Existential questions and their relationship with unconscious resistance to change
Here my second eample. During the question exploration, a women asked the question: “How can I keep everyone happy that is involved in my life?”. This is obviously an illusion, because you have no direct influence on the happiness of others. But this women was not conscious of the fact that her question was an illusion. She went over all her limits to make that illusion possible, with the only result that she was not taking care of herself. So that result guided me into my next question: How can you take care of yourself? This touched her deeply. It was the other way around. She wanted to live this question. After two weeks she mailed me her reflections about the meeting, because she felt something was not right. When I read it, she didn’t mention her last question anymore. She only wrote about her question: how can I keep everyone happy that is involved in my life? I gave her feedback and wrote my memories about the last meeting. The next meeting we talked about her question. It turned out that she had completely blocked her new question. After this realisation she was able to keep the question open while staying in close connection to the question.

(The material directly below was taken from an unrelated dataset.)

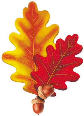 ФМ1-15612 Плакат вырубной А4. Листочки дубовые осенние - два листика, два желудя. Двухсторонний - тема Деревья

In other words, she was able to live the question, that had a huge impact on her work and private life.
We know from theory that our unconsciousness plays a huge role in our life. This example shows that from practice. For me, this example shows how important existential questions can be as a condition for learning, development, and transformation.
These examples already show that existential questions are entangled with education and can help students thrive by transform the view on their lives, concurrently with transformative actions.